De Sollicitatiecode is dus een soort fatsoensnorm, geen vereiste. Hoewel dat mogelijk voor de bij de NVP aangesloten bedrijven iets anders kan uitpakken, maar daarmee wordt slechts een fractie van het Nederlandse bedrijfsleven geraakt.
De nieuwste versie van de Sollicitatiecode is gemankeerd, doordat het (onbedoeld?) een ongelijke behandleing van kandidaten introduceert, afhankelijk van de wijze waarop het wervingsproces is vormgegeven. De Sollicitatiecode is namelijk alleen van toepassing op het passieve wervingsproces hoewel bovenstaande omschrijving van de Sollicitatiecode spreekt over werving en selectie ter vervulling van vacatures. En dus ook het actieve wervingsproces zou moeten omvatten.
Bij passief werven plaatst een werkgever of intermediair een vacature en gaat vervolgens aan de slag met de binnengekomen sollicitaties. En daarvoor beschrijft de Sollicitatiecode de stappen inclusief de do’s & dont’s. Waarbij eindelijk social media een plaats hebben gekregen. In het kader van deze blog posting zijn de volgende onderdelen uit de Sollicitatiecode relevant:
Uitgangspunten. 1.1. De code is gebaseerd op de volgende uitgangspunten: de sollicitant wordt deugdelijk en volledig geïnformeerd over de procedure – ook als social media hierbij een belangrijke rol spelen – over de inhoud van de vacante functie en over de plaats daarvan in de organisatie;
Werving 3.2 Externe bemiddelingsbureaus en organisaties die gegevens van vacaturesites/internet halen, dienen bij gebruik hiervan in databases of voor bemiddelings doeleinden de betrokkene hiervan in kennis te stellen.

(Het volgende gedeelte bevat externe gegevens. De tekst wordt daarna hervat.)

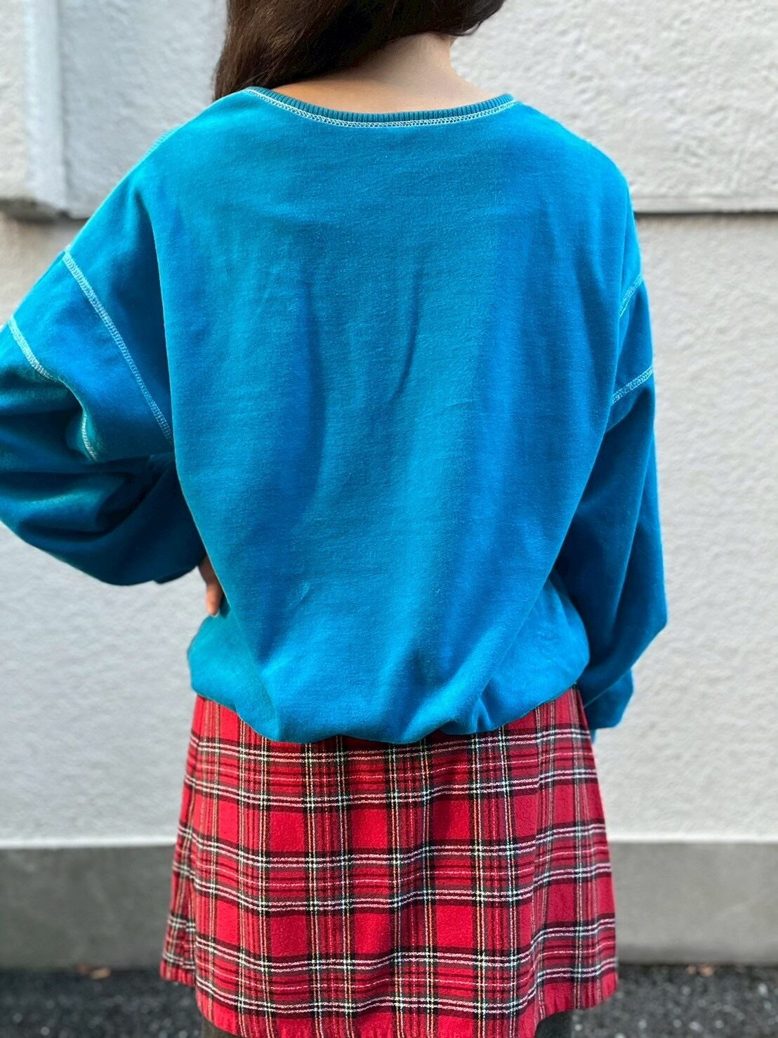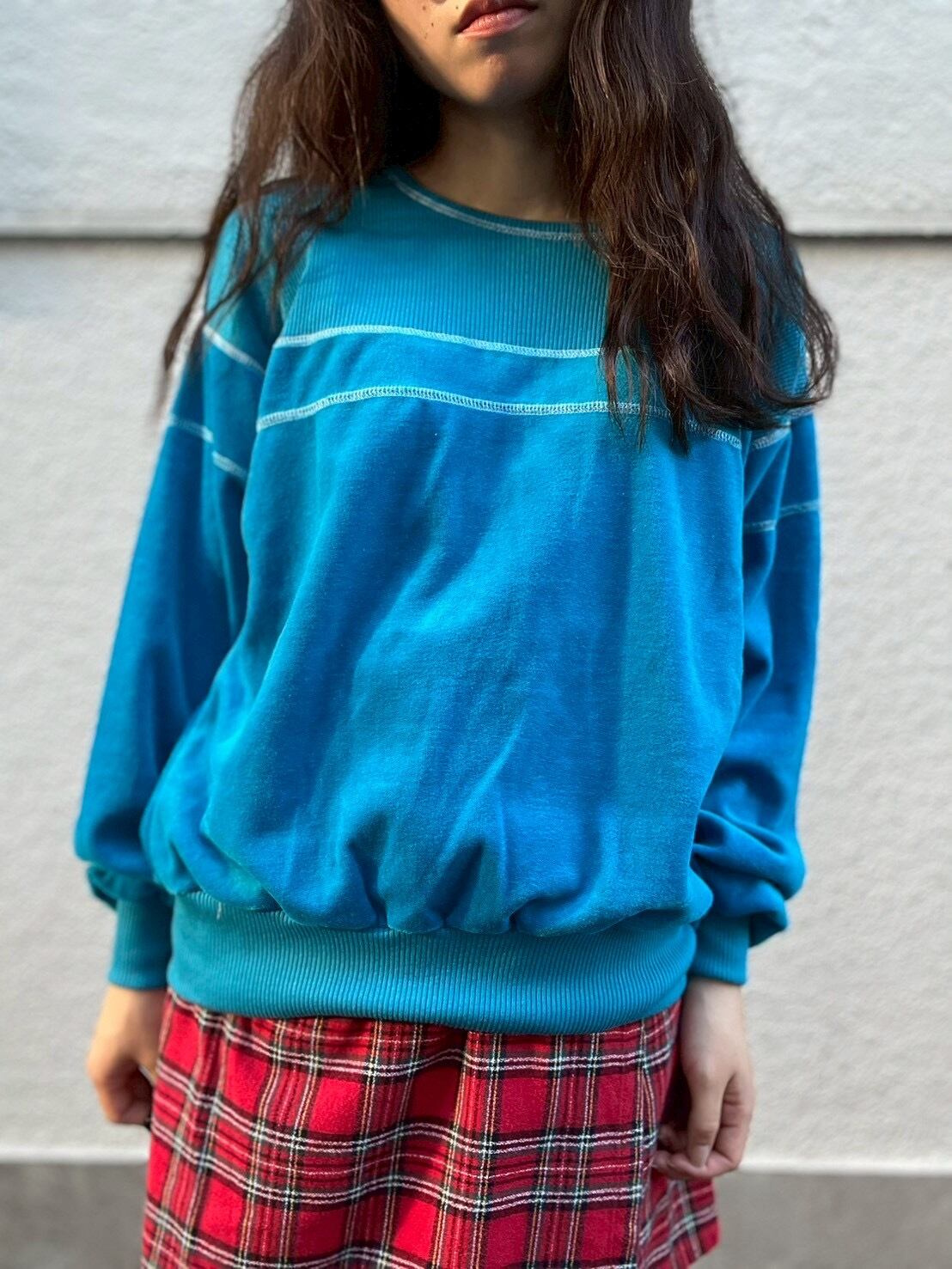 ふかふかな風合いが推し、寒色のベロアカットソー。

3.5 Ongeacht de wijze van solliciteren (naar een vacature of een open sollicitatie) vermeldt de organisatie dat kandidaten gezocht kunnen worden via internet, waaronder social media.Nader onderzoek. 5.1 Indien de organisatie inlichtingen over de sollicitant wil inwinnen bij derden, via internet (zoals social media) en/of andere bronnen, vraagt zij hiertoe vooraf diens toestemming, tenzij zulks niet vereist is op grond van een wettelijk of algemeen verbindend voorschrift. De te verkrijgen informatie moet direct verband houden met de te vervullen vacature en mag geen onevenredige inbreuk maken op de persoonlijke levenssfeer van de sollicitant. De bij derden en andere bronnen, waaronder websites (waaronder social media), verkregen informatie zal, indien relevant, a) aan de sollicitant worden meegedeeld, met uitdrukkelijke vermelding van de bron en b) met de sollicitant worden besproken.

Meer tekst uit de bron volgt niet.